15 U.S. Code § 29 - Appeals
Except as otherwise expressly provided by this section, in every civil action brought in any district court of the United States under the Act entitled “An Act to protect trade and commerce against unlawful restraints and monopolies”, approved July 2, 1890, or any other Acts having like purpose that have been or hereafter may be enacted, in which the United States is the complainant and equitable relief is sought, any appeal from a final judgement entered in any such action shall be taken to the court of appeals pursuant to sections 1291 and 2107 of title 28. Any appeal from an interlocutory order entered in any such action shall be taken to the court of appeals pursuant to sections 1292(a)(1) and 2107 of title 28 but not otherwise. Any judgment entered by the court of appeals in any such action shall be subject to review by the Supreme Court upon a writ of certiorari as provided in section 1254(1) of title 28.
An appeal from a final judgment pursuant to subsection (a) shall lie directly to the Supreme Court, if, upon application of a party filed within fifteen days of the filing of a notice of appeal, the district judge who adjudicated the case enters an order stating that immediate consideration of the appeal by the Supreme Court is of general public importance in the administration of justice. Such order shall be filed within thirty days after the filing of a notice of appeal. When such an order is filed, the appeal and any cross appeal shall be docketed in the time and manner prescribed by the rules of the Supreme Court.
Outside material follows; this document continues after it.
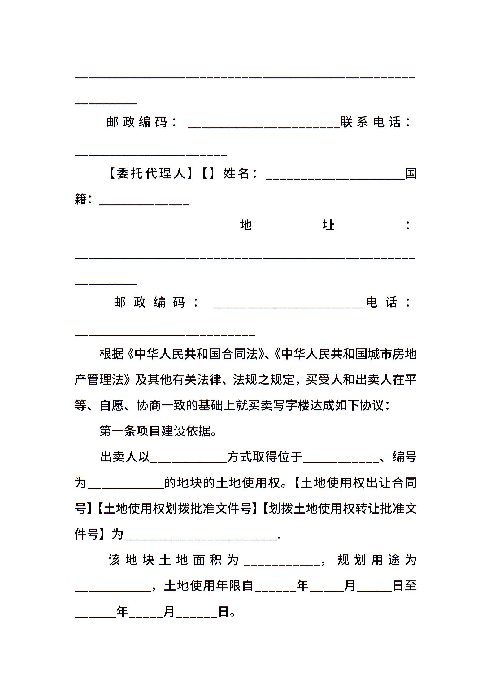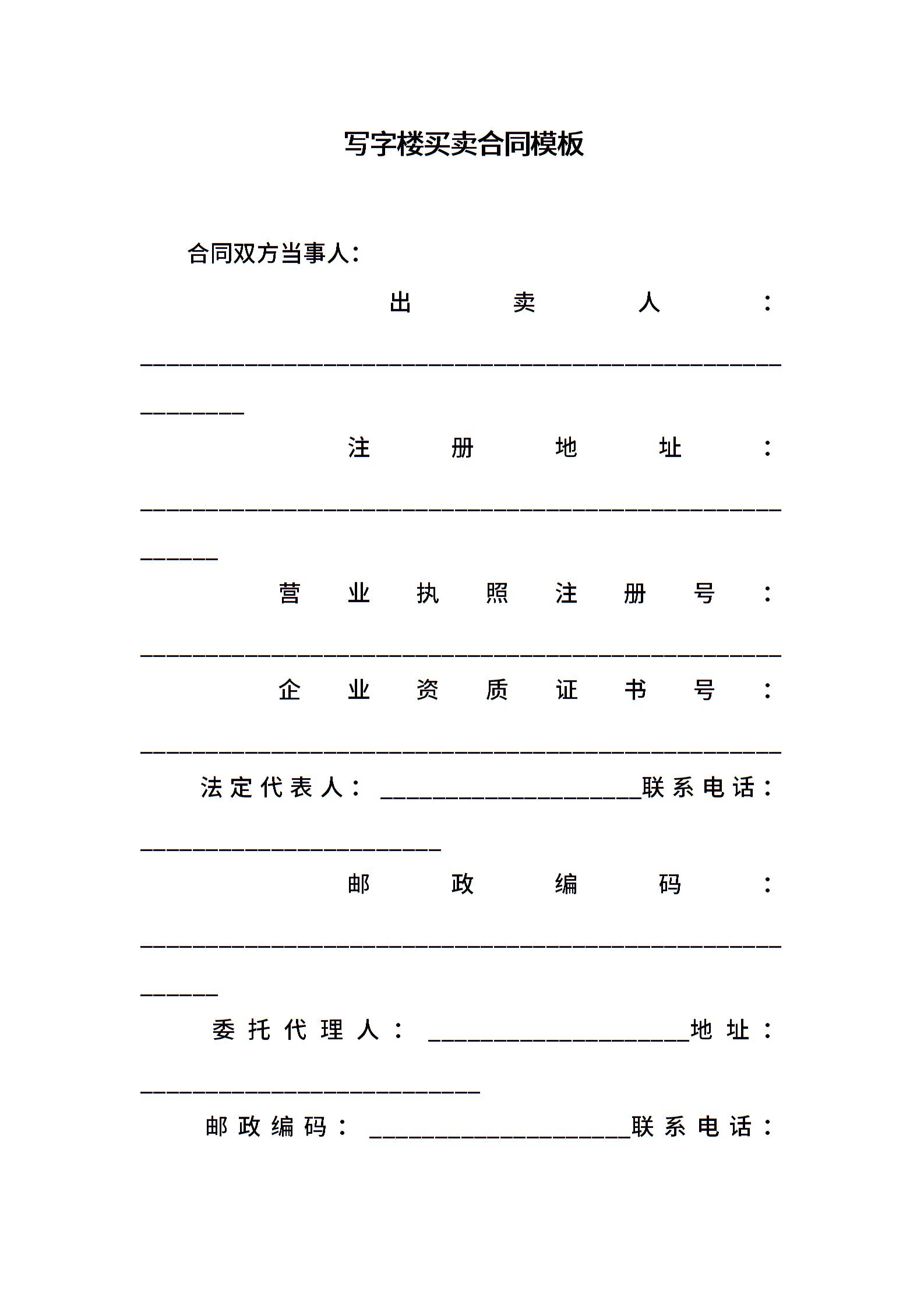 写字楼买卖合同模板

The Supreme Court shall thereupon either (1) dispose of the appeal and any cross appeal in the same manner as any other direct appeal authorized by law, or (2) in its discretion, deny the direct appeal and remand the case to the court of appeals, which shall then have jurisdiction to hear and determine the same as if the appeal and any cross appeal therein had been docketed in the court of appeals in the first instance pursuant to subsection (a).
The Act entitled “An Act to protect trade and commerce against unlawful restraints and monopolies”, approved July 2, 1890, referred to in subsec. (a), is known as the Sherman Act, and is classified to sections 1 to 7 of this title.
Section was previously set out in both this section and in section 45 of former Title 49, Transportation.
1974—Pub. L. 93–528 substituted provisions for appeals to the court of appeals from civil actions in district courts where equitable relief is sought, review by the Supreme Court of judgments of courts of appeals, and for direct appeals to the Supreme Court of cases involving general public importance, for provisions that appeals from final judgments of district courts lie to the Supreme Court only.
1948—Act June 25, 1948, amended section generally to strike out provisions relating to time for appeal, procedure, etc. See sections 2101 and 2109 of Title 28, Judiciary and Judicial Procedure.
1944—Act June 9, 1944, provided for certification of case to circuit court of appeals when there was no quorum of Justices of the Supreme Court qualified to participate in the consideration of the case and for designation of circuit judges in the event of disqualification from hearing the case.
Act Mar. 3, 1911, which transferred the powers and duties of the circuit courts to the district courts, substituted “district court” for “circuit court”.
Section 38 of act June 25, 1948, provided that the amendment made by that act is effective Sept. 1, 1948.
Act June 9, 1944, ch. 239, 58 Stat. 272, provided in part:
Act Feb. 11, 1903, which enacted sections 28 and 29 of this title, is commonly known as the “Expediting Act”.